The noble Baroness says—I think that it is complete misunderstanding on her part as to what has been suggested—that the view of the Lord Chief Justice as at present will always be wanted. But that overlooks the fact that the Lord Chief Justice is presiding in the Court of Appeal (Criminal Division) in the cases where there are appeals from the trial judge's recommendation. The Home Secretary not only has the benefit of his advice as a result of the decision of the Court of Appeal (Criminal Division) but the advice of a Lord Chief Justice who has had the advantage of sitting in a Court of Appeal and—I stress this—having the case argued in front of him. At present, he makes the decision perhaps after consultation with the trial judge, with no argument, and without the assistance of members of the Court of Appeal. I do not follow why the amendment should in any way be rejected. I give way to the noble Baroness.

Baroness Blatch: I am most grateful to the noble and learned Lord for allowing me to intervene at this point. It is true that Parliament has taken the view supported by my right honourable friend the Home Secretary that there should be a distinction between murder and other crimes which are subject to life sentences.

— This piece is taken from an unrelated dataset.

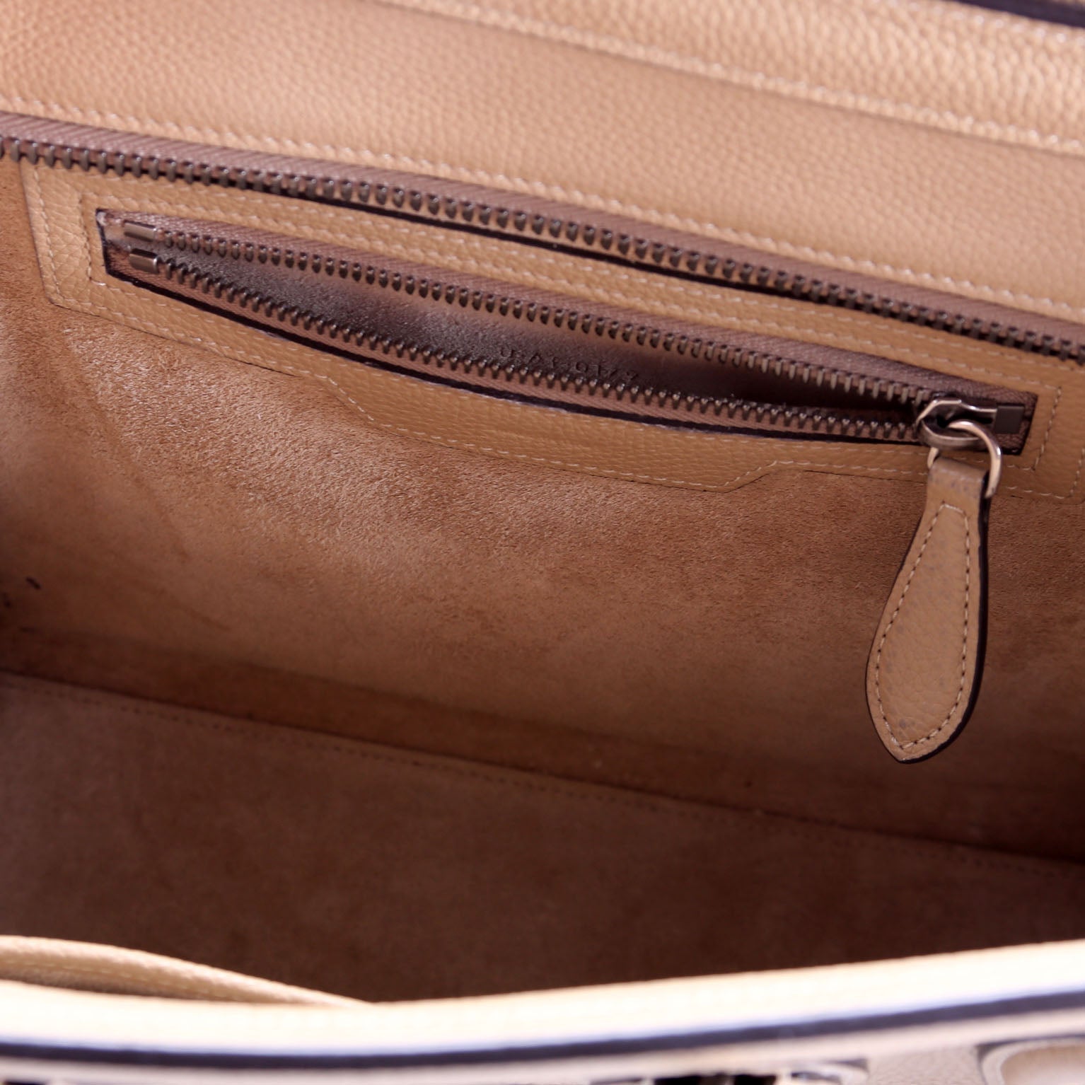 Interior: The interior shows pen marks in one of the corners. It features two open pockets, and one zip closure pocket.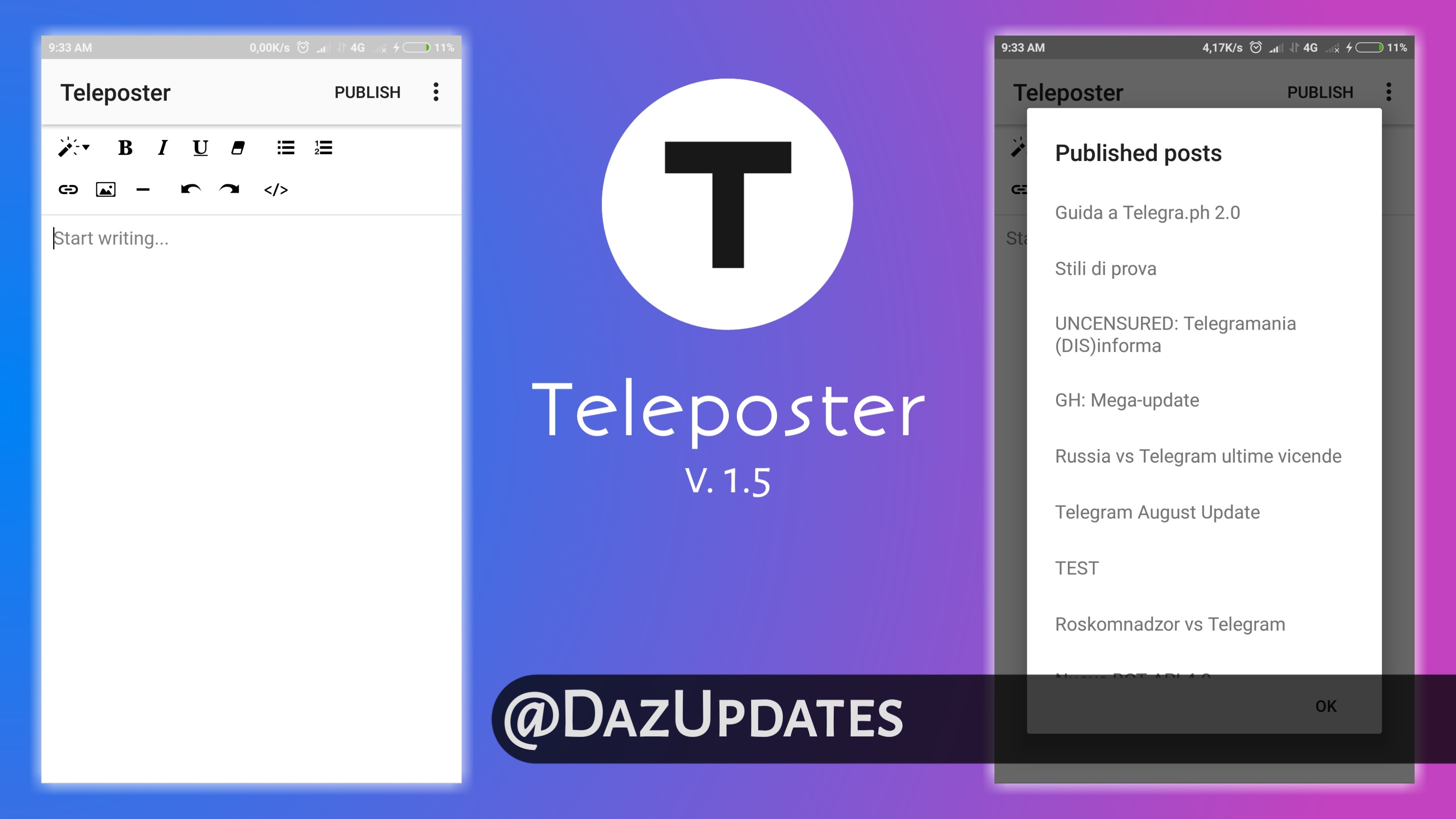Sebbene abbia numerose (talvolta gravi) pecche resta l'applicazione migliore per chi deve creare abitualmente pagine telegra.ph da dispositivi Android mobili, i contro di quest'app possono essere superati utilizzando un comune browser per qualche secondo. Perché è la migliore? Grazie al suo design, molto più comodo di Teleposter.

That is the point at issue. There is not only a distinction but a distinct process through which cases have to go and it was that to which I spoke. It is for the Committee to address the issue that those guilty of murder should be treated under the same system as those treated under the discretionary system, but that is not the case. The amendment simply interferes with that distinct process for the category of murder as opposed to other crimes which are subject to life sentences.

5 p.m.

Lord Ackner: With the greatest respect, the distinction between the two sentences is that in the discretionary life sentence the Home Secretary has no entitlement at all to determine the period that the prisoner spends in prison. It is determined by the trial judge and subsequently by the Parole Board in relation to what remains after the tariff has been settled—namely, that part that is necessary for the protection of society.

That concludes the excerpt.